Ricordi il sito web “Lasciami cercare questo per te su Google”? Negli anni 2010, è diventato virale per il suo modo sfacciato di richiamare coloro che ponevano domande facilmente ricercabili. Ora, nel 2025, sta emergendo un sentimento simile, ma con una svolta moderna: la crescente tendenza a rispondere alle domande con risultati generati dall’intelligenza artificiale è sempre più vista come scortese, e vale la pena esaminarne il motivo.

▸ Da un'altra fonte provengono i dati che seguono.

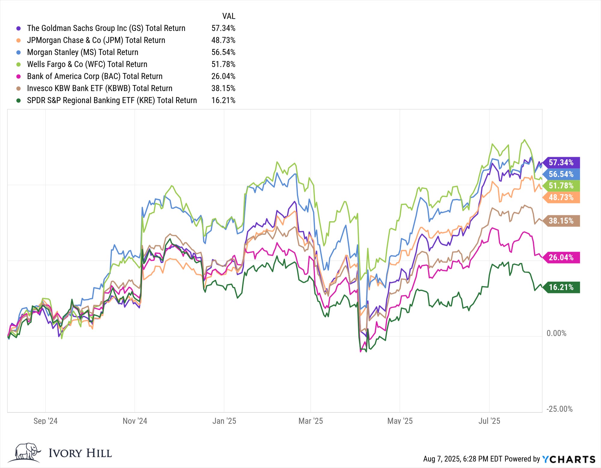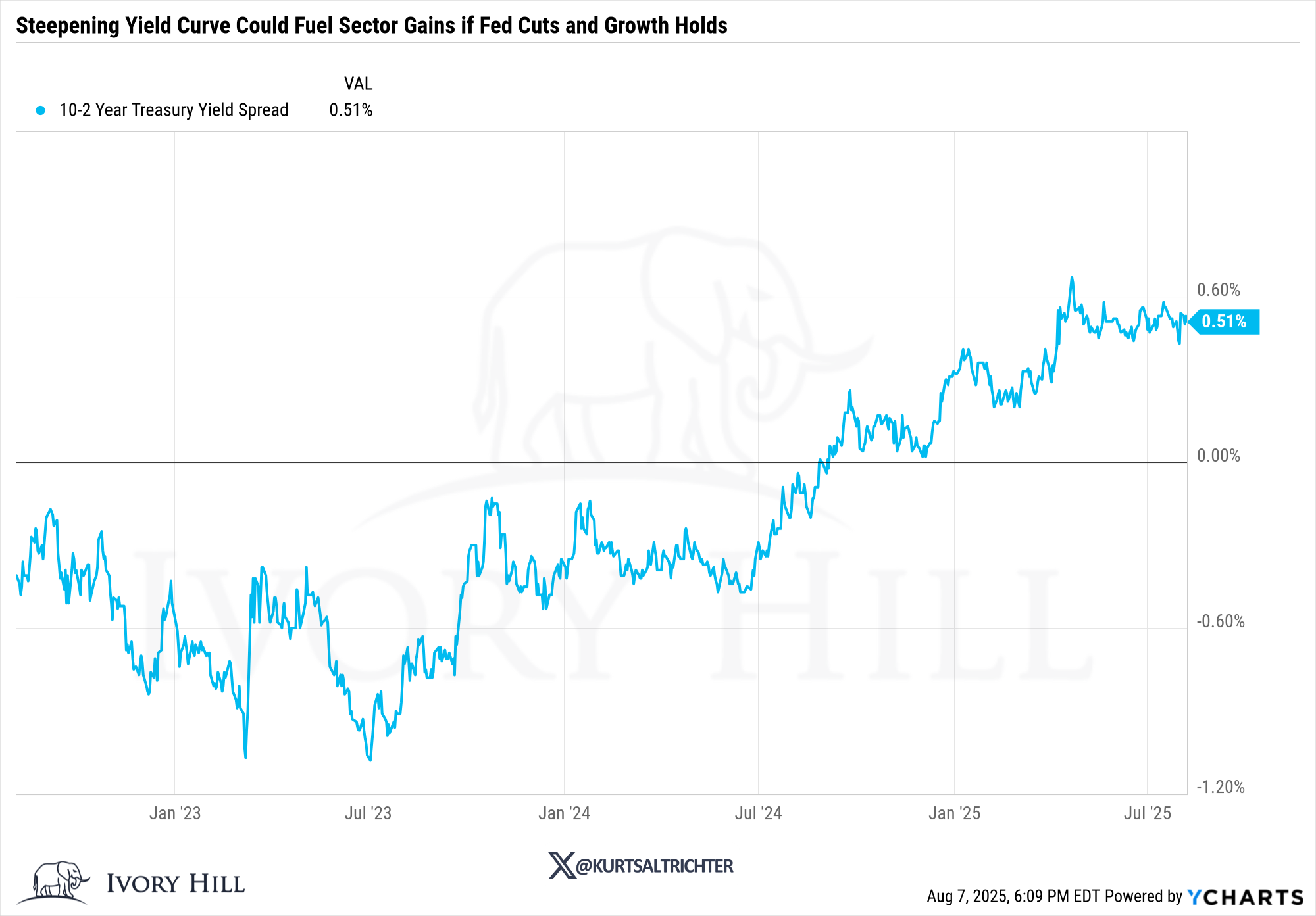 If rate cuts play out as the market anticipates through 2025 and into 2026, the 2-Year should keep falling, the curve should continue steepening, and these sectors could be prime beneficiaries. But if growth breaks down and long rates drop faster than short rates, that steepening tailwind flips to a headwind, with economic worries taking center stage.
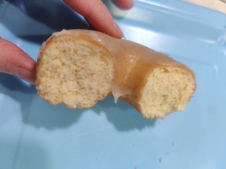 The icing is not too overwhelming. Some icings overpower the donut's flavor. This pairs very well, and you can taste both the donut and the icing. It barely has the crackle of a Krispy Kreme donut.
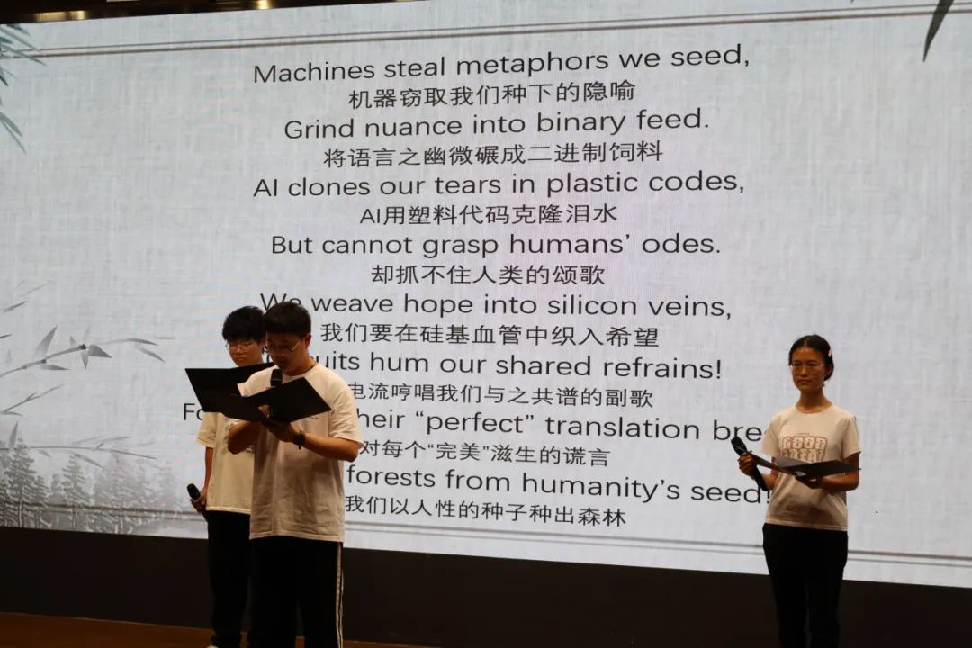 从新闻播报对国际时事的冷静传递,到电影配音对多元文化的细腻诠释;从诗歌对技术伦理的锐利思辨,到合唱视频对青春记忆的温暖收藏——本次大赛清晰呈现声音的多维力量:以精准性立足专业,以批判性回应技术,以人文性滋养联结。当学子在《寻梦环游记》中复现墨西哥口音时,他们实践着沟通的诚意;当翻译专业学生借诗歌质问AI时,他们彰显破界的勇气。这恰是Z世代外语人最真实的成长宣言:在算法浪潮中坚守人性温度,以声音为媒介,开辟更自由、温暖、负责任的未来。
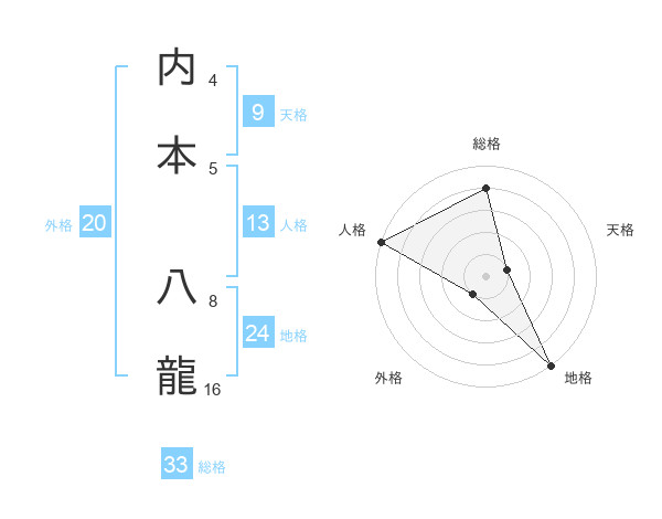内本 八龍さんの総格は33画の4点!
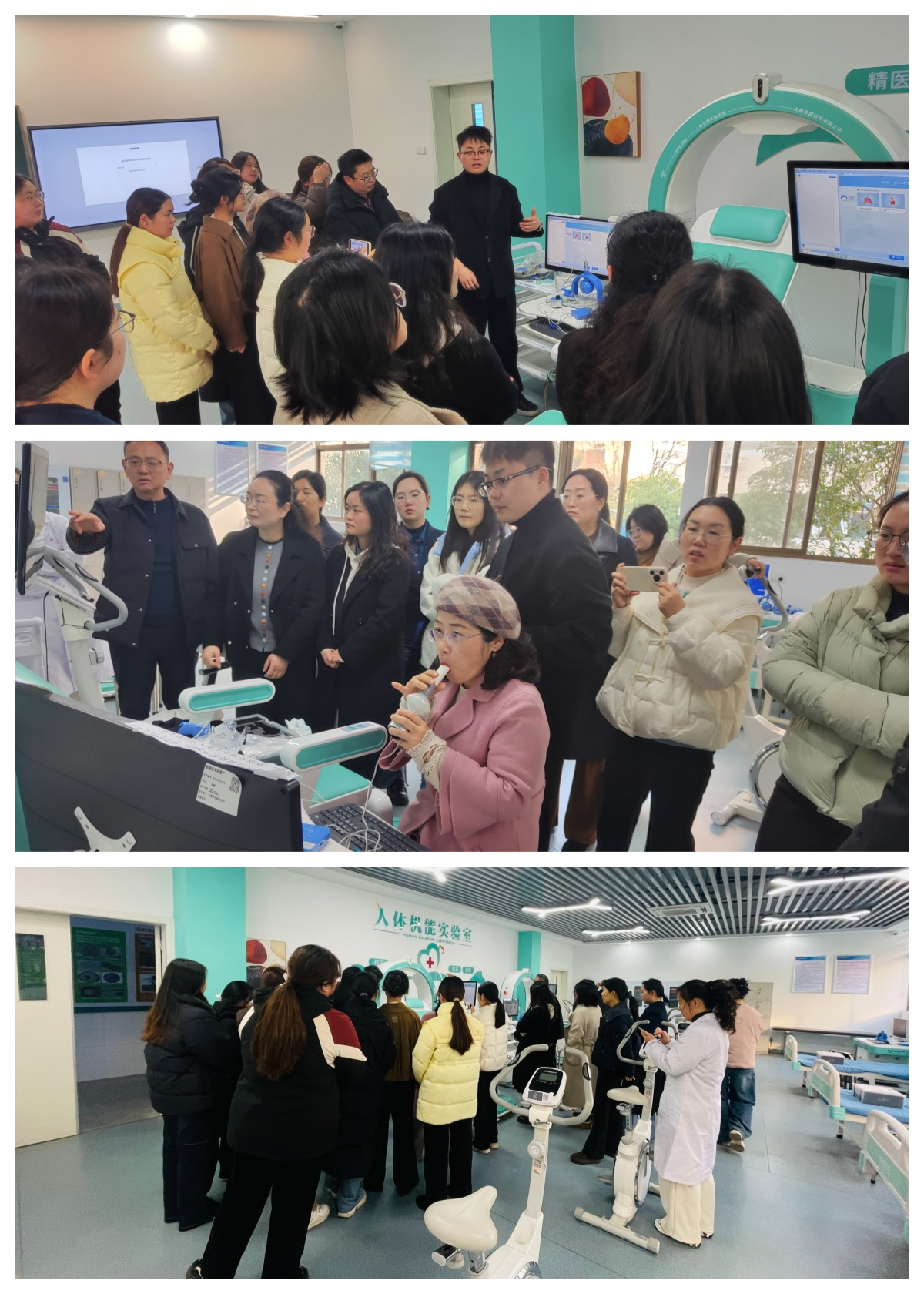 作为基础医学实验教学的创新课程,《基础医学综合实验1》以人体实验为核心特色,紧扣学科前沿发展方向,旨在通过实操训练搭建基础理论与临床应用的桥梁。本次培训精准对接课程教学需求,聚焦人体肺功能检测、人体动脉血压测量、人体神经肌肉电刺激三大核心实验模块,特邀专业设备厂家工程师全程授课指导。培训现场,工程师首先对实验仪器的核心构造、功能参数及操作规范进行详尽讲解,并通过动态演示直观呈现仪器使用流程;随后围绕三大实验模块,逐一拆解实验原理、操作步骤、数据采集与分析方法,重点强调实验安全要点与常见问题解决方案,确保参训师生全面掌握教学核心内容。

L’evoluzione dell’impazienza: da Google all’intelligenza artificiale
Il sito originale “Let Me Google That For You” catturava una frustrazione provata da molti: la sensazione di ricevere domande a cui si poteva rispondere con una semplice ricerca online. Il sito web è servito come promemoria divertente, anche se mirato, delle vaste risorse disponibili a portata di mano. Ora, con la proliferazione di potenti strumenti di intelligenza artificiale come ChatGPT e Claude, è emersa una nuova dinamica. Il semplice indirizzamento di qualcuno verso una ricerca su Google si è evoluto nella condivisione di risposte generate dall’intelligenza artificiale.
Anche se un po’ di impazienza giocosa potrebbe essere accettabile in alcune interazioni online, rispondere con l’output dell’intelligenza artificiale, soprattutto in contesti più personali o professionali, comunica una mancanza di rispetto per la persona che pone la domanda.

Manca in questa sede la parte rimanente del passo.